In summary, we demonstrated for the first time that iPSC-derived exosomes could serve as an antigen source of tumor vaccines and combined this with DC-based immunotherapy. The DC vaccine pulsed with iPSC-derived exosomes can induce a broad-spectrum antitumor response and inhibit melanoma progression in prophylactic, therapeutic, and lung metastasis models with no significant adverse effects. Therefore, our research proposes a safe and effective iPSC-based tumor vaccine. Given the systemic extensive antitumor effects and available antigen source, our strategy is emerging as a promising approach for cancer prevention and immunotherapy.

Materials and methods

Mice and cell lines

C57B/L6 mice (H-2^b; 6–8 weeks) were purchased from the Guangdong Animal Experiment Center. All experimental procedures involving animals were approved by the Fifth Affiliated Hospital of Sun Yat-sen University and Animal Care and Use Occasion (00172). Mouse cell lines (H-2^b), including LLC, MC38 colon cancer cells, 4T1 breast cancer cells, and B16-F10 melanoma cells, were purchased from Shanghai Cell Bank, Chinese Academy of Sciences. Complete DMEM medium (supplemented with 10% fetal bovine serum [FBS]) was used for the culture of B16-F10 and LLC cells. Complete RPMI medium was used for the culture of MC38 and 4T1 cells (supplemented with 10% FBS). MiPSCs were cultured in Oricell mESC serum-free culture medium (Cyagen) on well plates previously coated with gelatin, and hiPSCs were cultured in serum-free Stemflex medium (Gibco) on well plates previously coated with Matrigel.

Preparation of miPSCs

MEFs were isolated with trypsin and cultured in RPMI medium supplemented with 10% FBS at 37°C, 20% O₂, and 5% CO₂. A total of 1 × 10⁵ embryonic fibroblasts were seeded on 0.2% gelatin-coated plates and infected with a CytoTune-iPS Sendai reprogramming kit 2.0 (Thermo Fisher Scientific). When ESC-like clones appeared, Oricell mESC serum-free medium (Cyagen) was used for culture. Once clones were grown, miPSCs were passaged and purified by flow sorting with an SSEA-1 antibody.

Preparation of hiPSCs

PBMCs were isolated by Ficoll density gradient centrifugation from a healthy volunteer in our laboratory. (Written informed consent was obtained from healthy donors enrolled. This study was approved by the Ethics Review Committee in the Fifth Affiliated Hospital of Sun Yat-sen University.) Then, 1 × 10⁵ PBMCs were seeded onto Matrigel-coated well plates. On the fourth day of culture, the CytoTune-iPS Sendai reprogramming kit 2.0 was used to infect PBMCs. The cells were transferred to Stemfex medium on day 7 of induction.

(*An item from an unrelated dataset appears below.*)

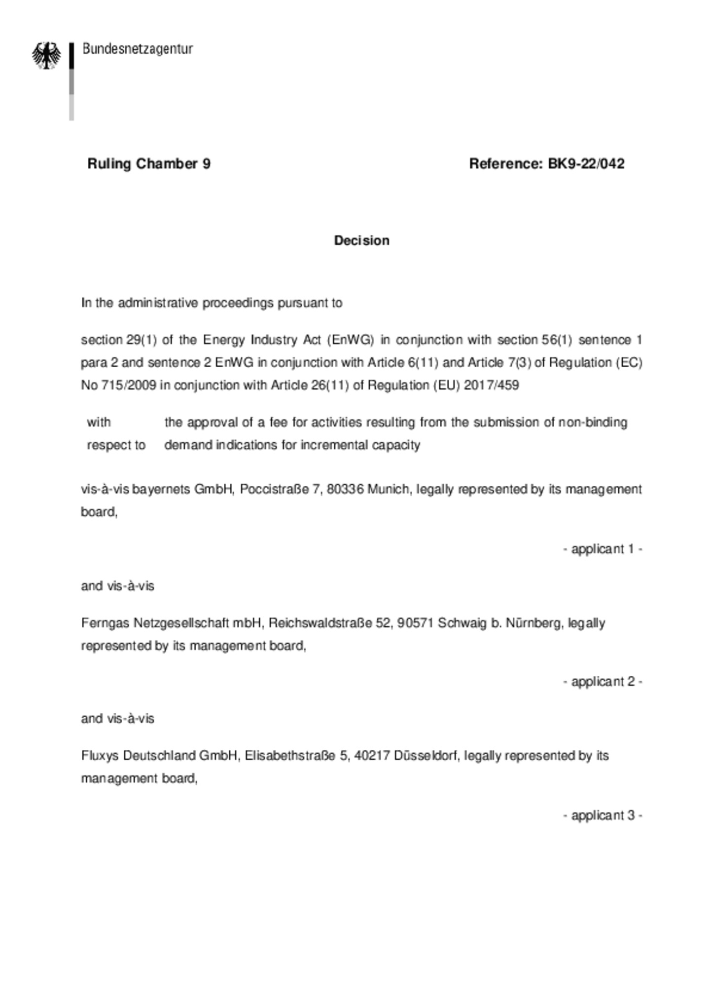 The approval by the Federal Network Agency and detailed information can be found in Decision BK9-22/042 or here.

ESC-like clones appeared in approximately 14 days and, when the clones were grown, hiPSCs were passaged and purified by fluorescence-activated cell sorting with an SSEA-4 antibody.

Preparation of Bone Marrow-derived Mesenchymal Stem Cells (BM-MSCs)

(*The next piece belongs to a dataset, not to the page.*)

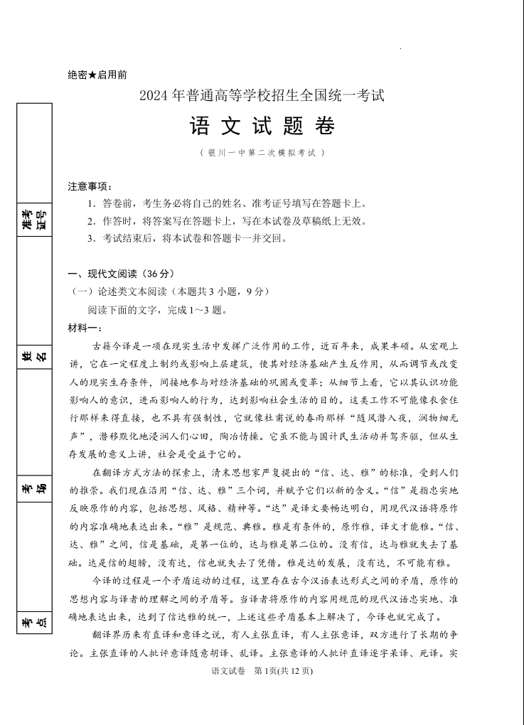 宁夏回族自治区银川一中2024届高三下学期第二次模拟考试语文

Mouse BM-MSCs were isolated and cultured according to a previous protocol.⁷¹ In brief, bone marrow cells were flushed out from the bone marrow cavity of C57B/L6 mice and then incubated with the following antibodies at 4°C for 20 min: Sca-1, CD29, CD45, and CD11b, all purchased from BioLegend. Next, the Sca-1⁺CD29⁺CD45⁻CD11b⁻BM-MSCs were sorted by flow cytometry (BD Biosciences) and cultured at 37°C with 5% CO₂ supplement. The culture medium for BM-MSCs consisted of DMEM, streptomycin/penicillin, and 10% exosome-free FBS.

Preparation of exosomes

As described previously,⁷² the cell culture supernatant was pre-centrifuged at 800 × g for 5 min to remove large cell debris, followed by centrifugation at 2,000 × g for 10 min to remove small cell debris as well as large cell vesicles. Then a 0.22 μm membrane was used to filter the supernatant and the exosomes were isolated by ultracentrifugation at 100,000 × g for 90 min. PBS was then added and the exosomes were centrifuged at 100,000 × g for 90 min and repeated twice to wash away contaminating proteins. Finally, the protein and nanoparticle concentrations were quantitatively measured by NTA and a BCA protein assay kit, respectively.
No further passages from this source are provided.